If an individual meets some or all of the above factors, that individual may need to be classified as an employee, and the company would be responsible for that person’s employer taxes, benefits, insurance, and other worker rights, including the right to unionize.

Unfortunately, many of the factors are subjective, which means that companies are going to find it challenging to make this determination.

What business owners should do

Of course, it makes sense to reevaluate all existing independent contractor relationships and consider the factors mentioned above.

But some experts are suggesting that business owners take a wait-and-see approach.

That’s because many business groups, including the National Federation of Independent Businesses and the U.S. Chamber of Commerce have publicly stated their opposition to the rule, saying that the rule “threatens the flexibility of individuals to work when and how they want and could have significant negative impacts on our economy.” The Chamber warns that it will “carefully evaluate our options going forward, including litigation.”

Claude Schoenberg, a labor attorney based in Bala Cynwyd, says that there are already lawsuits contesting an existing worker classification rule. Those suits had been stayed until the new rule was announced. With the new rule published, those lawsuits will resume.

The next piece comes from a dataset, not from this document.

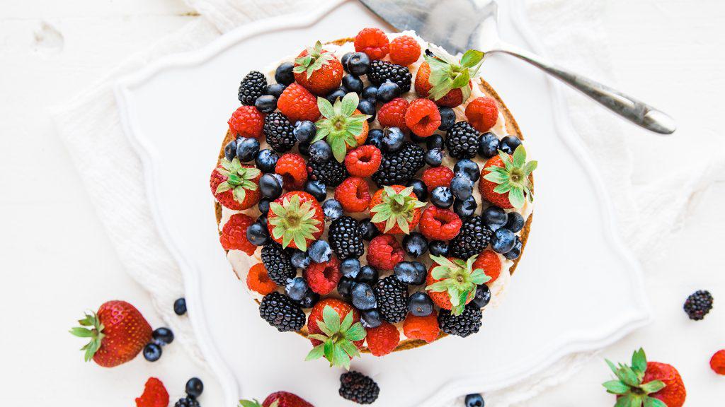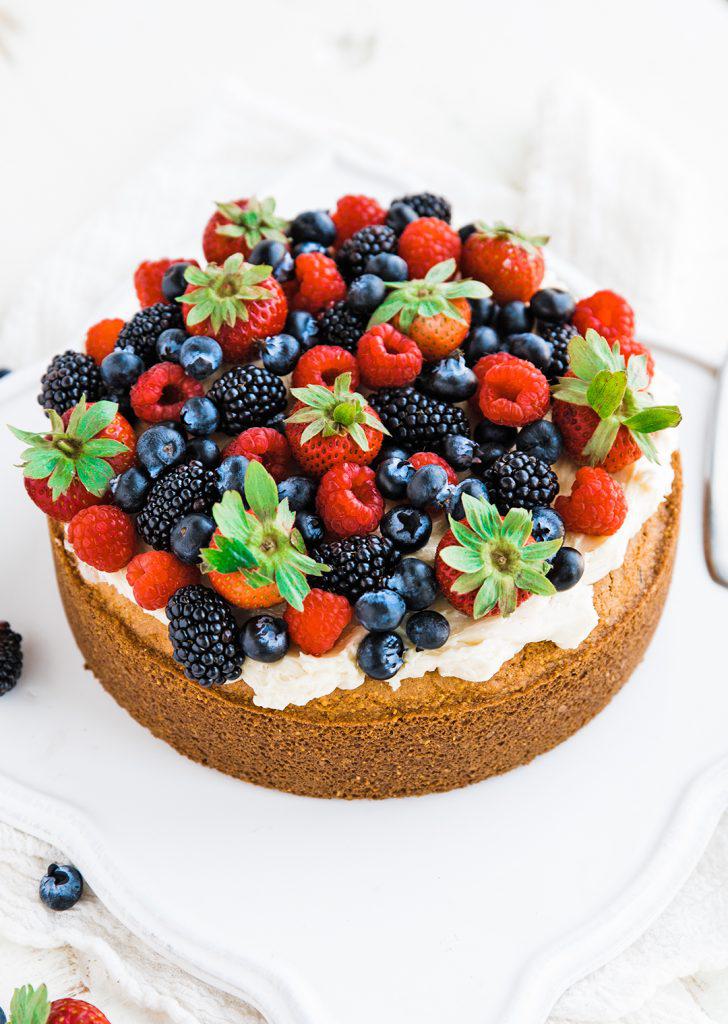 To finish this cake off, spread on the buttercream and top it off with fresh berries! DELICIOUS!

“Litigation will continue and likely last through 2025,” he said. “It will also depend on the election. If President Biden loses then it’s likely that a new administration could withdraw this rule and simplify the independent contractor test.”

Allen agrees and further notes that the final rule pertains to only one statute: the Fair Labor Standards Act (FLSA).

“The Internal Revenue Code and the National Labor Relations Act have their own tests as do many states,” she said. “For example, New Jersey utilizes a more stringent test for determining whether an independent contractor should be classified as an employee, and employers there need to pay attention to those requirements.”

Pennsylvania has its own worker classification guidelines which are generally consistent with rules published by the Internal Revenue Service.

Regardless of potential litigation, Schoenberg is advising his clients to get their finances in order.

He suggests that his clients to revisit their insurance policies, particularly their workers’ compensation coverage, and calculate how much more in premiums it would cost for each additional person who would now be classified as an employee.

“You need to make sure you’re prepared to pay more for payroll taxes and benefits,” he said. “You may need to make adjustments to your contracts in order to cover the cost of these benefits and taxes.”